8 Alternative Methods of Data Collection

We’ve described a few of the most prominent methods of analysis for the social sciences in previous chapters. But interviews and surveys aren’t the only way to collect data. In this chapter we’ll describe a few other ways of collecting and using data. These tools might be useful as you develop your own research projects. The first type discussed, experiments, is considered the gold standard for science and is often harder to construct than a survey or interview. The other two methods or data types described don’t involve human interaction, and that significantly lowers the costs of your research project and means you may be able to begin on your research immediately. However, there are other limitations created by those methods.

8.1 Experiments

Experiments are far more common in the natural sciences than the social ones. That’s not because social scientists don’t like experiments, but because humans don’t like being experimented on.

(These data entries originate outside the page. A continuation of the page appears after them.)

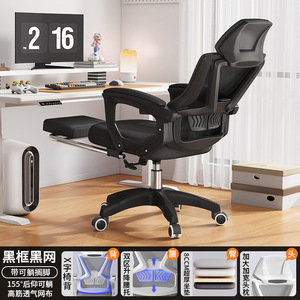 黑框黑网+135度后仰可躺+加大加宽人体工学头枕+双区升降腰托+可躺搁脚+8cm乳胶坐垫
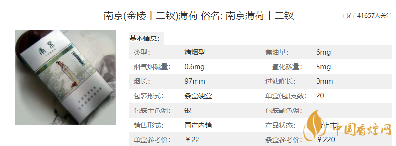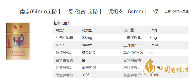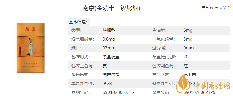 價格:28元/包,這款南京(金陵十二釵烤煙)是金色的包裝,這也是銷量最好的一款香煙,這款香煙是細(xì)支香煙,柔和但煙氣飽滿純正,沒有其他細(xì)支寡淡的感覺。6mg的焦油含量屬于低焦香煙。
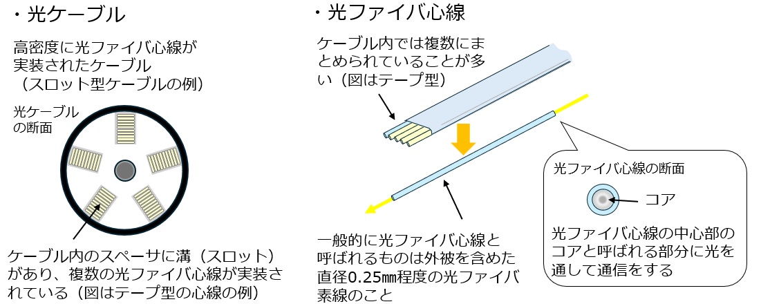 屋外に敷設される光ケーブルは通常、複数の光ファイバ心線が内部にテープ状や単線を束ねるなどして、収められています。
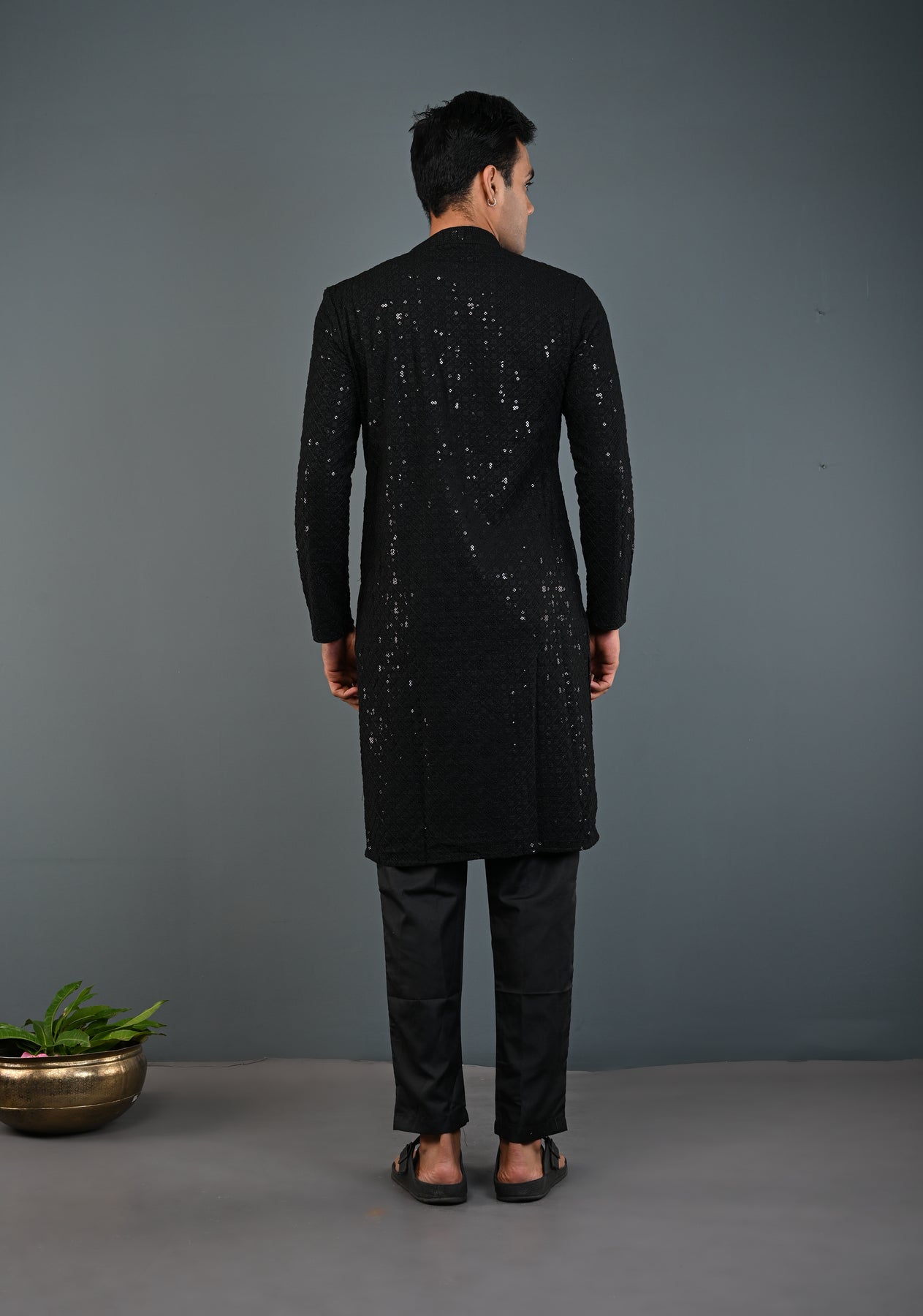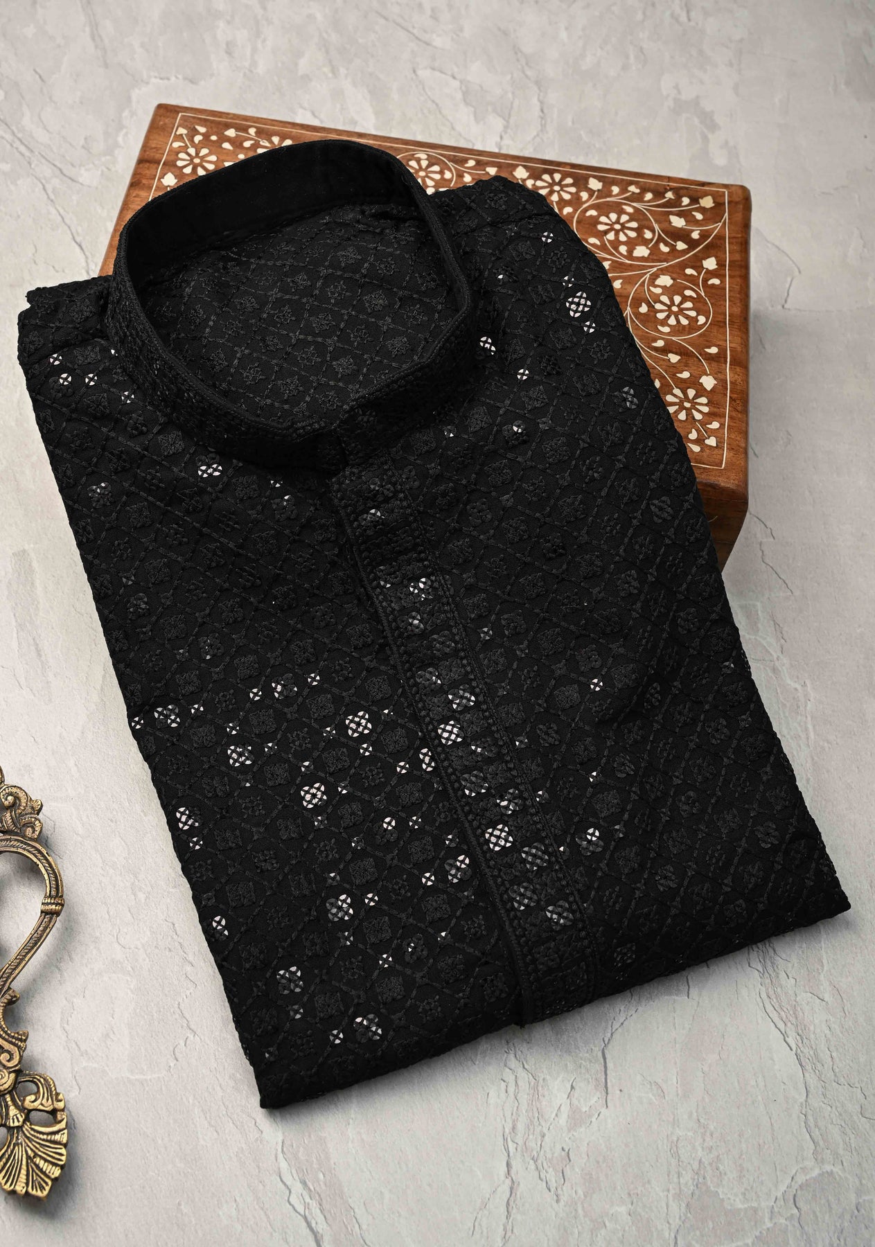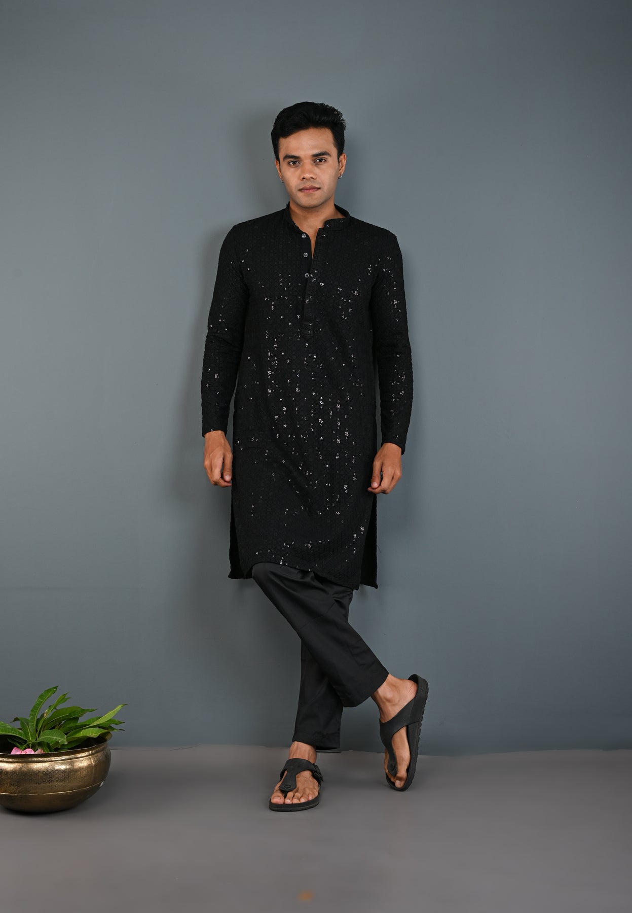 Black Chikankari Kurta with Sequins and Pajama Set for Men | Made to Order
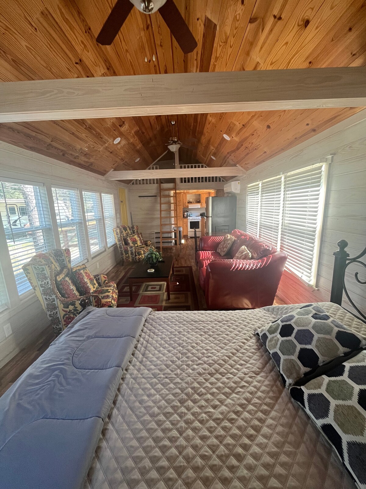 No cleaning fees! Our one & only peaceful, quiet golf cart friendly location conveniently between I-10/US90 yet the Caverns, Bear Paw river float, Merritts Mill Pond, Hinson Nature Preserve, Blue Springs and all shops, cinema, boat launches & restaurants within a 10 min drive. Golfing, beach, & airports within 1 hour. Modern cottage on a private 1/2 acre equipped with large smart TV's in both the living room and bedroom with Prime video.
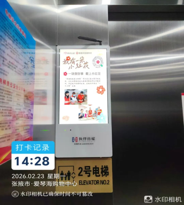 愛情海購物中心(張掖市最大購物商超)9個電梯屏幕在2月1日—28日期間持續(xù)點(diǎn)亮公益之光,以高頻次、廣覆蓋的傳播形式,讓公益理念隨人流傳遞,悄悄走進(jìn)張掖的千家萬戶。這抹小紅花,也成為張掖新春里獨(dú)有的暖心風(fēng)景,讓善意雙向奔赴。
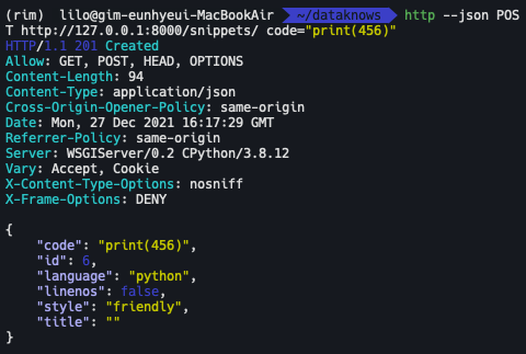 Django REST framework 튜토리얼 #1
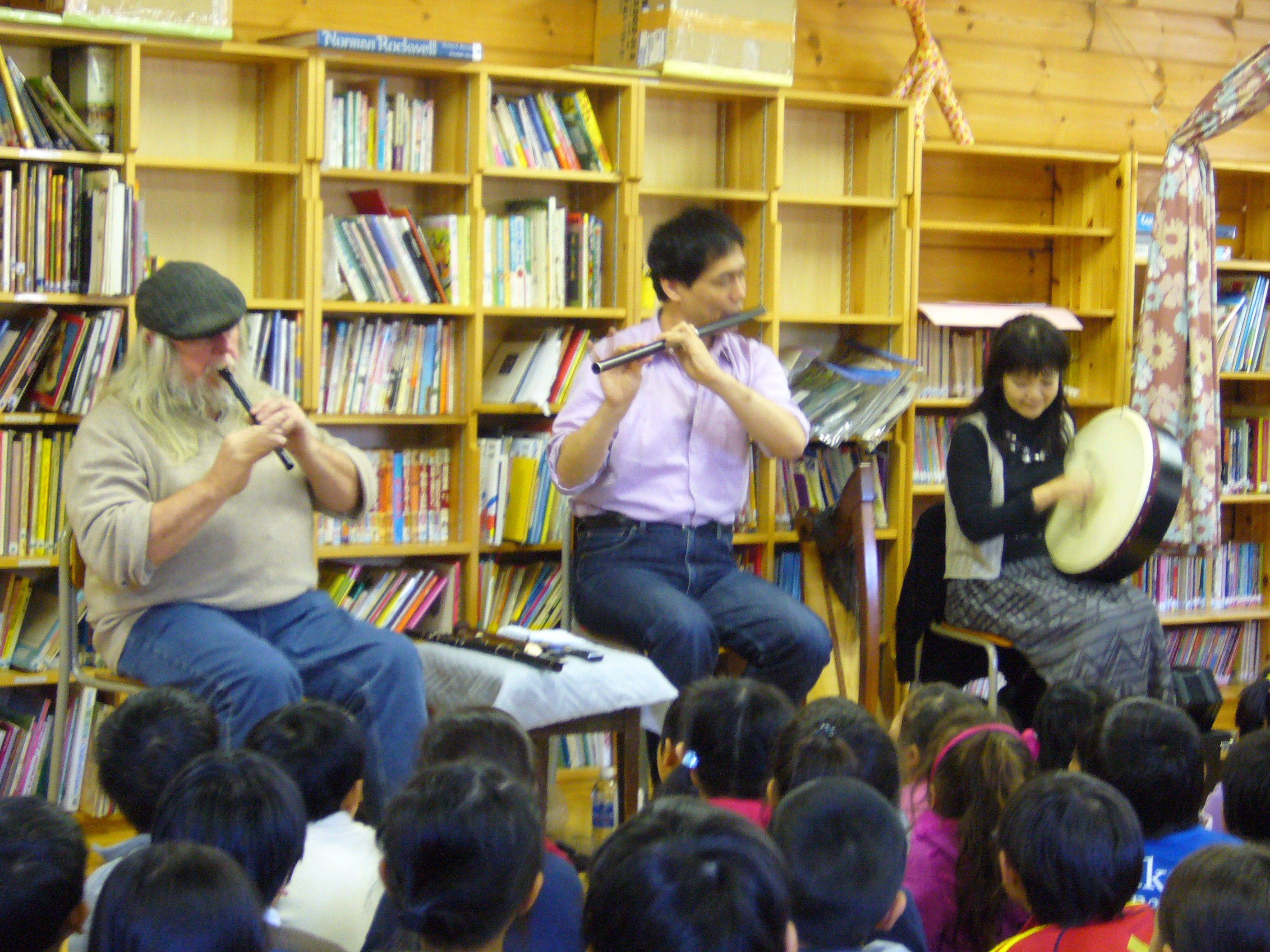 アイルランド音楽演奏家のShaun Ryan氏、守安 功、雅子ご夫妻の演奏を全生徒、教職員とともに鑑賞した後、TISのShaney Crawford校長の案内で、校内を見学した。教室では、子供たちに語りかけ、学校生活について話し、つくば市内の他の中学生とPCを使って英語でディスカッションをしている生徒たちの様子を見学した。
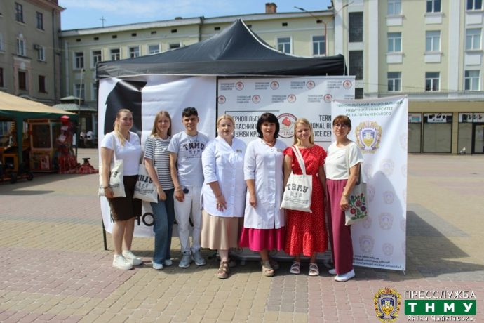 Досвідчені фахівці ТОЦСК Ольга Коркіна та Леся Щур проводили експрес-визначення, а волонтери – студенти ТНМУ Вікторія Мірошник, Софія Берегуляк, Юлія Хархаліс, Назарій Крулик, Олександр Хома та Анатолій Сакало – розповідали про важливість донорства та запрошували на колективну донацію у День міста.
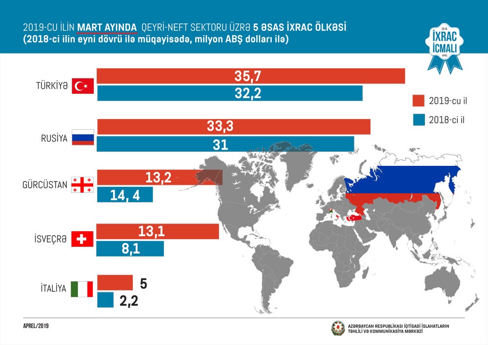 2018-ci ilin müvafiq dövrü ilə müqayisədə 2019-cu ilin ilk üç ayında Rusiyaya qeyri-neft ixracı 17%, Türkiyəyə 2%, Gürcüstana 58%, İtaliyaya 74% artıb.
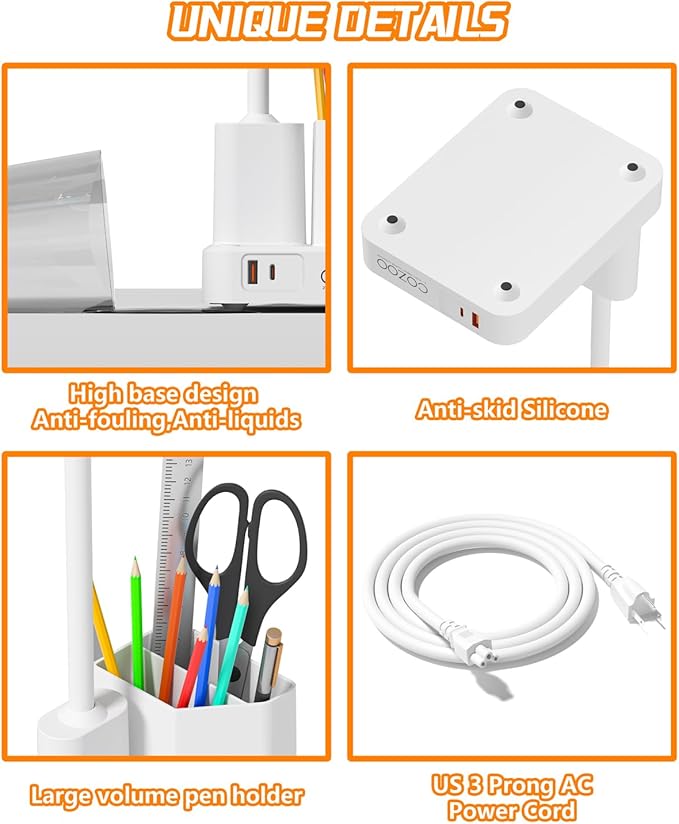 - [ All-in-One Charging Hub & Storage Organizer ] Features USB charging ports + AC outlet to power phones, tablets, or laptops while keeping cords tidy. Built-in pen holder desk lamp design stores stationery and small accessories, creating a clutter-free charging station for home office or dorm desks
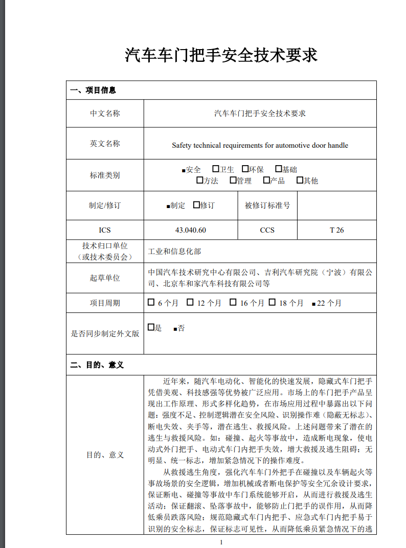 該文件中稱,近年來,隨汽車電動化、智能化的快速發(fā)展,隱藏式車門把手憑借美觀、科技感強等優(yōu)勢被廣泛應用。市場上的車門把手產品呈現出工作原理、形式多樣化趨勢,在市場應用過程中暴露出以下問題:強度不足、控制邏輯潛在安全風險、識別操作難(隱蔽無標志)、斷電失效、夾手等,潛在逃生、救援風險。上述問題帶來了潛在的逃生與救援風險。如:碰撞、起火等事故中,造成斷電現象,使電動式外門把手、電動式車門內把手失效,增大救援及逃生阻礙;無明顯、統(tǒng)一標志,增加緊急情況下的操作難度。
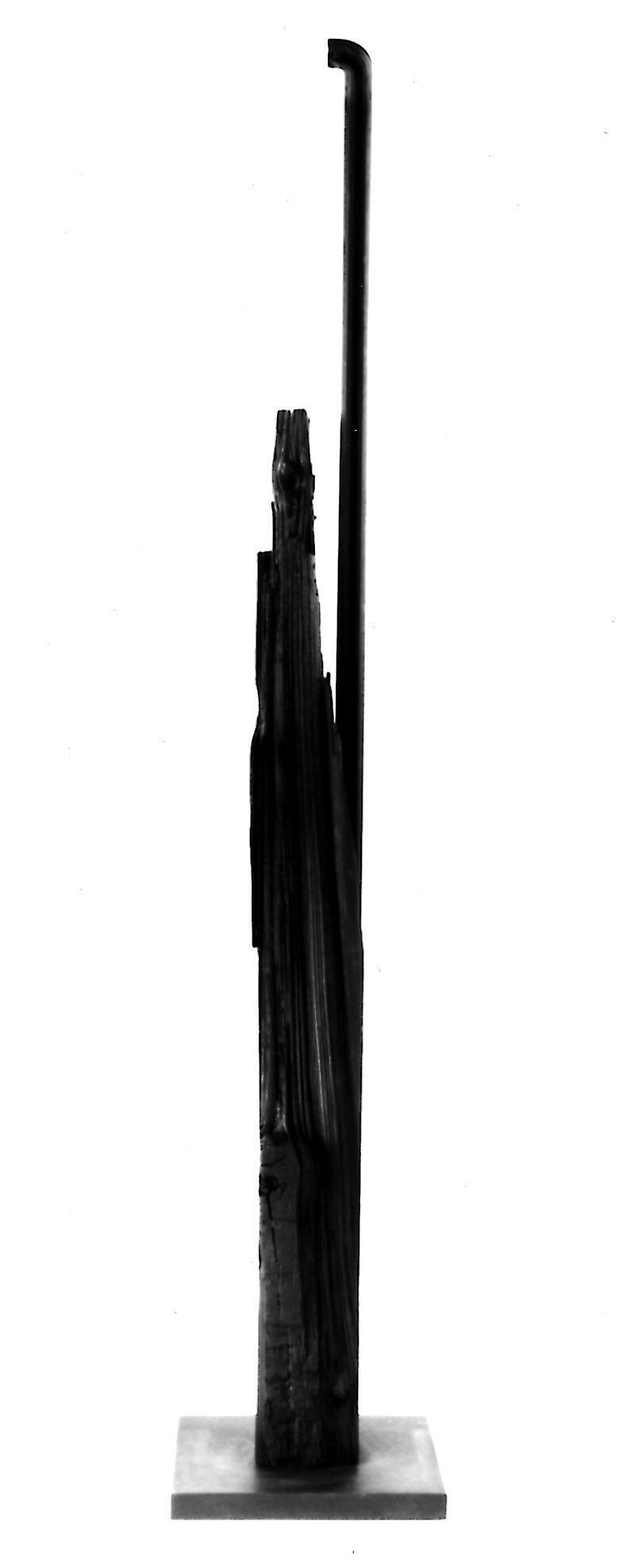 DescriptionSlender, black, vertical structure united at base and breaking into 2 separate vertical elements at approximately half-way point. Left element is of roughly grained, torn wood. Right element is regular and pipe-like, extending approximately 38 inches above left element and bending at a curved right angle back toward this rough-cut element for an additional 2 inches.Gallery LabelIn style, Untitled belongs to Louise Nevelson's totemic and columnar works. Its striking verticality is an assertion of being, singularity and presence in the world. But for Nevelson, nothing in the world exists apart from the whole: "Every piece that I make becomes a very living thing to me. When I work I'm not searching for perfection. I'm searching for life."
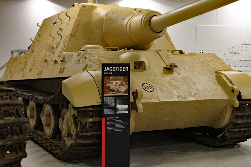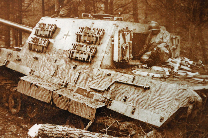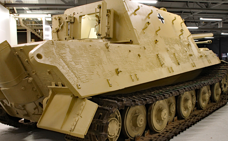 Der Jagdtiger des Museums Bowington wurde 1945 von amerikanischen Streitkräften erbeutet und als Testfahrzeug im Testgebiet Haustenbeck eingesetzt. Es war mit Zimmerit beschichtet – einer speziellen Paste, die verhinderte, dass magnetische Ladungen am Rumpf haften blieben.

The advantage of using an experiment is control. As the researcher you get to create the setting and the conditions for an experiment. With an experiment you’re not just seeing what people think (“what percentage of people support clean energy policies?”) but testing the impact of a treatment that you’ve identified (“does seeing that a politician of the same party supports clean energy make voters more likely to voice support”).

The core idea of an experiment is that you have two groups: the treatment and the control group. The two groups should be similar on any demographics or characteristics that would affect your outcome of interest. For instance, you’d want a mix of women and men, liberals and conservatives, young and old, in your two groups. That way, you can eliminate or minimize the impact of those things when you look at the results. Because the treatment and control group are similar on other characteristics, you can assume that the only meaningful difference between them is the treatment you give them, so any difference in the outcome is the result of that treatment.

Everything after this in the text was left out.